1,720,957 research outputs found
Revolutionizing dentistry: the integration of artificial intelligence and robotics
Full text linkTechnology is rapidly transforming traditional practices in modern healthcare. One area that stands out is the convergence of Artificial Intelligence (AI) and robotics, revolutionizing dentistry. This powerful combination enhances precision, efficiency, and patient outcomes in oral health care while reducing potential errors.

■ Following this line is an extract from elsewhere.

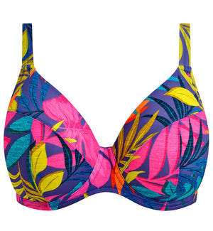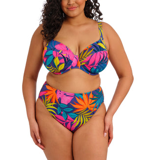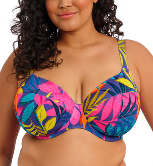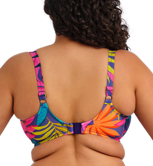 Soak up the sun this season with the Elomi Porto Rafti Underwire Plunge Bikini Top (ES803302) inspired by sun-kissed shores and tropical escapes. This swimwear range features lush textured palm leaves in jewel tones of pink, turquoise, lime and orange over a calming ocean blue base. This flattering plunge underwire swim top is fully lined with a light but supportive fabric for a bikini look with the fit of an Elomi lingerie bra. The shoulder straps can be adjusted to create a custom fit. Check out the matching swim bottoms Elomi Porto Rafti Adjustable Bikini Brief (ES803373) and Elomi Porto Rafti Mid Rise Bikini Brief (ES803372) for a coordinating swim set, sold separately.
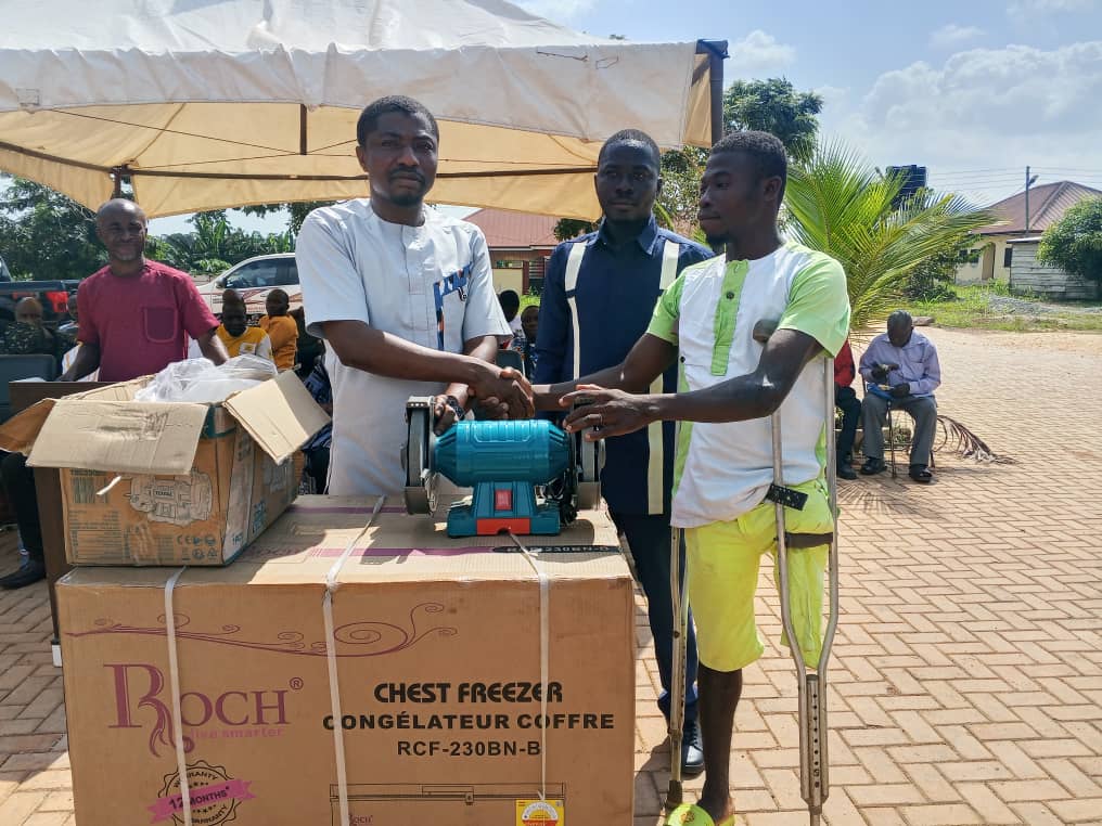 AHAFO ANO SOUTH EAST DCE ,HON IBRAHIM YAMBA NELSON ISSAKA and MP,HON YAKUBU MOHAMMED DISBURSES SUPPORT ITEMS TO PERSONS WITH DISABILITIES

AI, with its ability to analyze large amounts of data and identify intricate patterns, has found a place in dentistry. Its applications range from diagnostic tools and treatment planning to personalized medicine and patient management.1 By utilizing advanced imaging techniques, AI assists in the early detection of oral diseases,2 enabling proactive intervention and improving prognosis. The integration of AI into orthodontics and endodontics has radically transformed the field of dental care. In orthodontics, AI and Machine Learning systems support orthodontists in making informed decisions, particularly regarding tooth extraction. AI-driven custom orthodontic treatments minimize subjectivity and improve decision-making processes by utilizing neural networks to predict the extraction outcomes. AI is used throughout orthodontic procedures, from diagnosis to personalized treatment planning, utilizing 3D scans and virtual models to assess abnormalities, produce aligners, and optimize tooth removal strategies.3 Similarly, in endodontics, AI enhances root canal therapy by enabling precise anatomical analysis, lesion detection, fracture identification, stem cell viability prediction, and assessment of treatment efficacy.4 The contributions of AI in both orthodontics and endodontics have resulted in increased efficiency, accuracy, and improved patient outcomes, showcasing significant advancements in dental healthcare.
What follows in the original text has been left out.